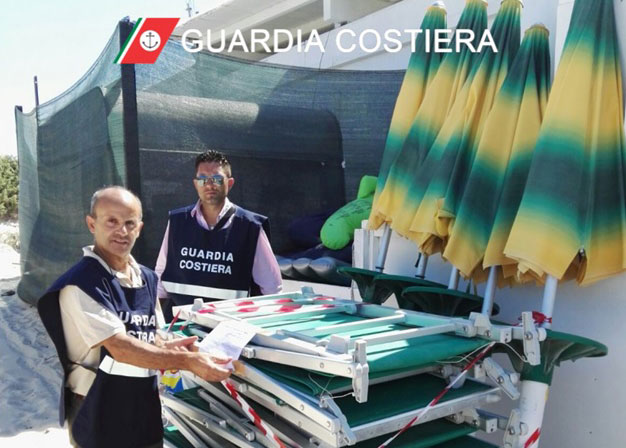 Senza sosta i controlli della Guardia Costiera contro i lidi abusivi: sequestrati ombrelloni, sdraio e attrezzature da spiaggia
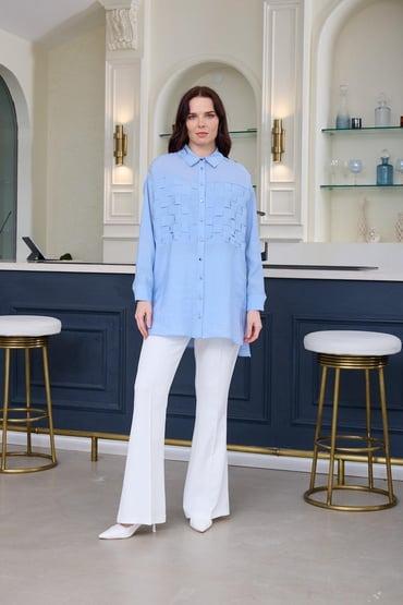 MARWA İPEK CUPRA GÖMLEK MA11.06 MAVİ
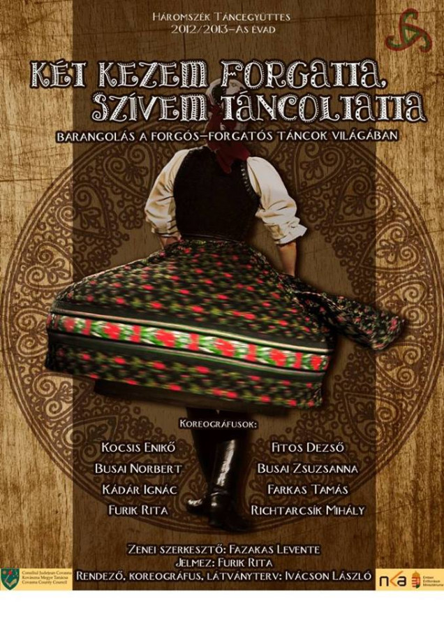 A Két kezem forgatta, szívem táncoltatta című hagyományos folklórelőadás koreográfiái a Kárpát-medencei forgós-forgatós táncok világából építkeznek. Erdélynek a barokk kor eredményeképpen ez a legnagyobb mai napig megőrzött táncöröksége, a marosszéki forgatóst például a páros táncok királynőjeként szokták emlegetni.
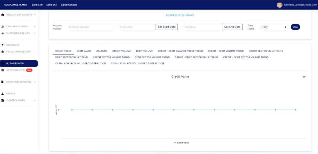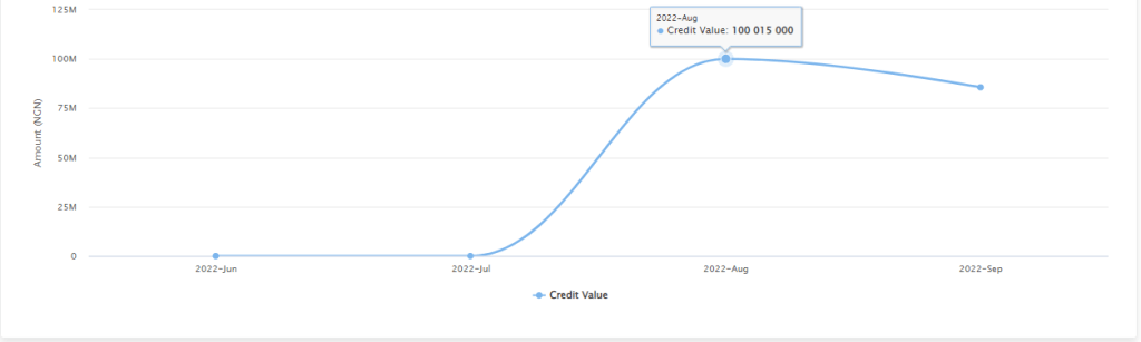 CREDIT VALUE: This is a value-based Line graph trend type gives a graphical representation of an account’s inflows value across a specified period.
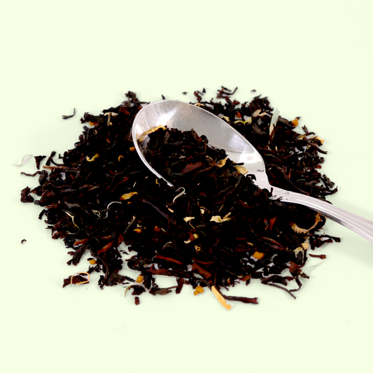 • A clear glass mug containing brewed dark reddish-brown tea. In front of the mug is a small pile of loose black tea leaves mixed with lighter colored ingredients.
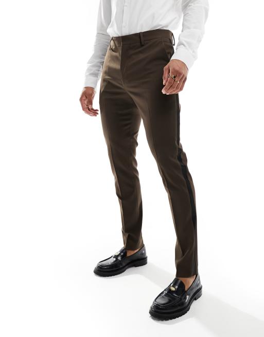 ASOS DESIGN - Skinny smokingpantalon in bruin
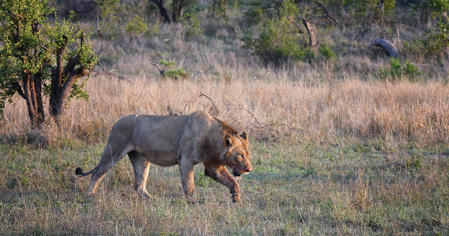 Vultures are sometimes a sign that there are predators nearby so we sat for a few minutes and then we spotted a lion walking through the bush.
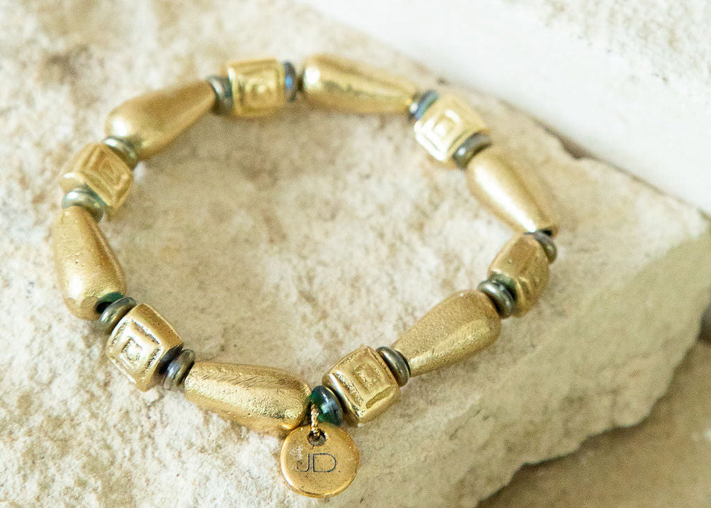 Cast brass forms the base of this adjustable ring, featuring a custom engraved monogram set beneath a smooth, glass-like resin coating. The clear, domed finish protects the engraving while giving the ring a polished, heirloom look.
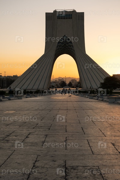 Башня Азади или Башня Свободы, ранее известная как Башня Шахьяд, на рассвете в Тегеране, Иран
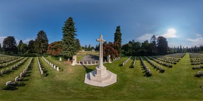 The cemetery section began during World War I with 300 Allied prisoners of war, expanding after 1923 when the Commission centralized Commonwealth military burials.
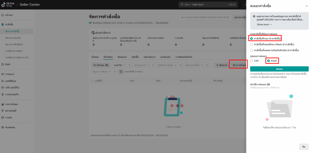 2. การดาวน์โหลดรายงานจาก TikTok Shop
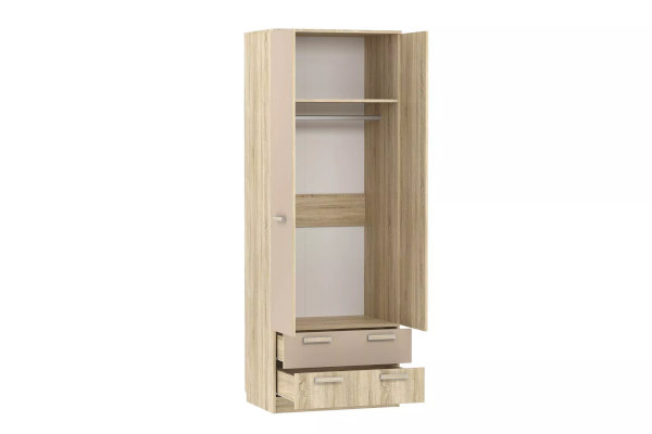 Внутри модуля предусмотрены овальная штанга для одежды на вешалках. Широкая антресольная полка подойдёт для размещения коробок и аксессуаров. Плавный и бесшумный ход, у двух выдвижных ящиков, обеспечивают шариковые направляющие полного цикла. Благодаря им, равномерно распределяется вес содержимого ящиков. Классические глухие фасады надежно защитят содержимое шкафа от влаги и пыли.

● ● ●

**Your assignment:** Copy the material verbatim. The pictures are not part of the copy.

**Solution to this problem:**
 Senza sosta i controlli della Guardia Costiera contro i lidi abusivi: sequestrati ombrelloni, sdraio e attrezzature da spiaggia
 MARWA İPEK CUPRA GÖMLEK MA11.06 MAVİ
 A Két kezem forgatta, szívem táncoltatta című hagyományos folklórelőadás koreográfiái a Kárpát-medencei forgós-forgatós táncok világából építkeznek. Erdélynek a barokk kor eredményeképpen ez a legnagyobb mai napig megőrzött táncöröksége, a marosszéki forgatóst például a páros táncok királynőjeként szokták emlegetni.
 CREDIT VALUE: This is a value-based Line graph trend type gives a graphical representation of an account’s inflows value across a specified period.
 • A clear glass mug containing brewed dark reddish-brown tea. In front of the mug is a small pile of loose black tea leaves mixed with lighter colored ingredients.
 ASOS DESIGN - Skinny smokingpantalon in bruin
 Vultures are sometimes a sign that there are predators nearby so we sat for a few minutes and then we spotted a lion walking through the bush.
 Cast brass forms the base of this adjustable ring, featuring a custom engraved monogram set beneath a smooth, glass-like resin coating. The clear, domed finish protects the engraving while giving the ring a polished, heirloom look.
 Башня Азади или Башня Свободы, ранее известная как Башня Шахьяд, на рассвете в Тегеране, Иран
 The cemetery section began during World War I with 300 Allied prisoners of war, expanding after 1923 when the Commission centralized Commonwealth military burials.
 2. การดาวน์โหลดรายงานจาก TikTok Shop
 Внутри модуля предусмотрены овальная штанга для одежды на вешалках. Широкая антресольная полка подойдёт для размещения коробок и аксессуаров. Плавный и бесшумный ход, у двух выдвижных ящиков, обеспечивают шариковые направляющие полного цикла. Благодаря им, равномерно распределяется вес содержимого ящиков. Классические глухие фасады надежно защитят содержимое шкафа от влаги и пыли.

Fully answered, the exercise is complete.